Weinstein is among many who think the threat to leave Porn Valley is a bluff. Although porn productions are common in Florida and Nevada, and New Hampshire recognized freedom-of-expression protection for porn in 2008, California is the only state where making adult video is widely protected. "That's true," says adult-industry lawyer Diamond — thanks to a 1988 state Supreme Court case, California v. Freeman, which found that prostitution could be tolerated in cases where pornographic imagery was being produced.

 

"There's only one state where [porn] is not considered prostitution," says Weinstein — California. "I think if the industry tried to pick up stakes and go, there they would have difficulty. They can't exist as an above-ground industry anywhere else but California."

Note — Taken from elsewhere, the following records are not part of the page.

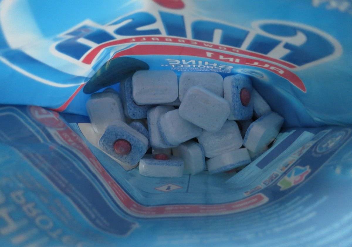 Чтобы таблетка эффективно сработала, важно не трогать ее мокрыми руками, а также держать отсек для моющих средств абсолютно сухим
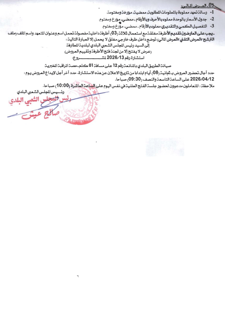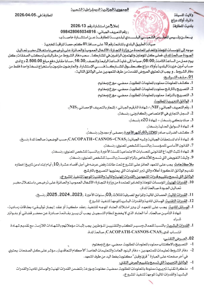 إعلان عن استشارة 2026/13 بلدية المطارفة
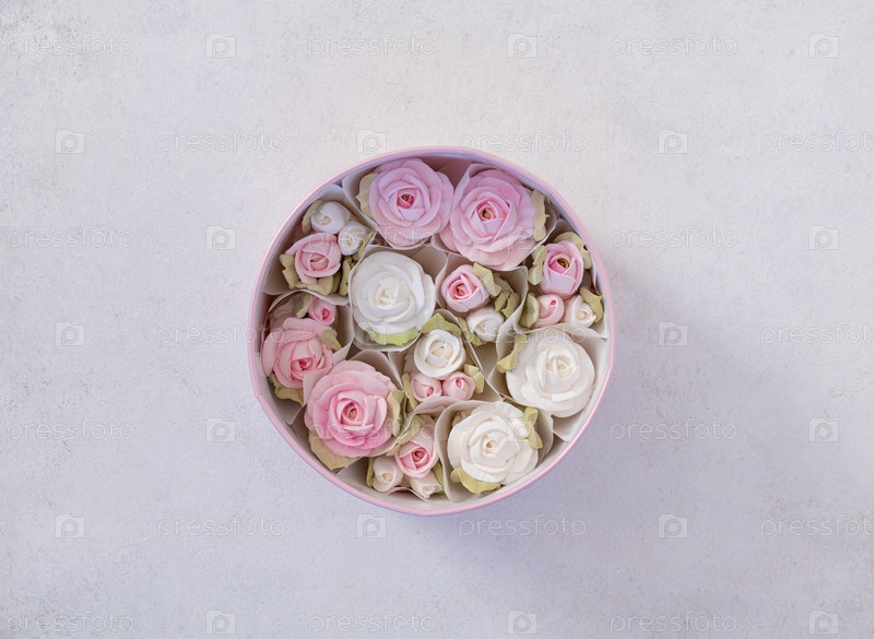 Зефирный букет цветов в розовой коробке на светлом фоне, вид сверху, пространство для копирования, концепция праздника

"They're not going anywhere," agrees porn veteran Margold. "We have been blessed with the Freeman decision."

Attorney Douglas of FSC says the threat to leave is real, though, noting that much production has already gone to Florida, where online juggernaut Manwin has a large presence, and to Nevada, home of the brothel.

"The adult industry is incredibly mobile," he says, "and there's production everywhere. This is a huge amount of money and commerce and employment that would be driven out due to the threat of bad regulation."

A springtime party at R Lounge in Studio City is billed as a chance to meet porn stars, and it is. The high rollers driving up to the red carpet in German cars have to pay a cover charge. The women, of course, get in free. And for the most part you can smell them before they even enter the doors of this modern, minimalist club.

A cloud of marijuana smoke precedes a trio of performers in $10 minidresses and Lucite stripper shoes. They can barely keep their clothes on as a dozen photogs from websites you've never heard of go wild.

One woman flashes her breasts, another turns around and exposes the back of her thong, and when the performers plop onto a low-slung couch there's no need for that wiggling wardrobe dance familiar to any woman who has worn a short skirt. Panty shots are part of the deal.

The other side of the often dull and technical nature of on-set porn is the "lifestyle" beyond the set. While many female performers view men as "walking wallets," as Margold puts it, they also sometimes genuinely embrace the party and the chance at a side-door entrance to stardom.

Jenna Jameson is perhaps the ultimate porn success, a woman who never did the kind of "gonzo" films that give performers STDs, an entrepreneur who ultimately produced and distributed her own product. Sasha Gray, who quit the industry earlier this year, has crossed over into indie film (The Girlfriend Experience) and cable (Entourage). The new girls want to be Jenna and Sasha.

Many female porn stars have taken to social media to brag about their cars, their designer handbags, the celebrities they get to meet and the crazy parties they attend. There's plenty of hope among the new talent, even if the jobs are more scarce than they've been in a generation.

Tom Byron, a legendary performer, is thoughtful, honest and reflective when the Weekly catches him between takes on the set of Star Wars XXX. He's been around the industry long enough — nearly 30 years — to remember the days before testing, which he called "scary."

"Should we probably use condoms?" he asks. "Yes. Do people want to see it? No."

Indeed, the biggest problem for porn is the silent majority: the viewer, the connoisseur, the guy with his thumb on the fast-forward button. Like spectators at a Roman gladiator battle, they want porn to show them the money.

Margold, who has watched the industry progress since Linda Lovelace discovered the fictional clitoris in her throat in 1972, is very much pro condom. In fact, he thinks performers should be tested for intravenous drug use and that new performers should be at least 21.

But, he argues, the consumer's carnal desires are too powerful for even the state of California's workplace police to overcome.

He delivers the money quote, the bottom line:

"We're gotten off to, by society, with its left hand," he says, "and then denied with its right hand. The very people who jack off to us don't give a damn about us, and probably won't."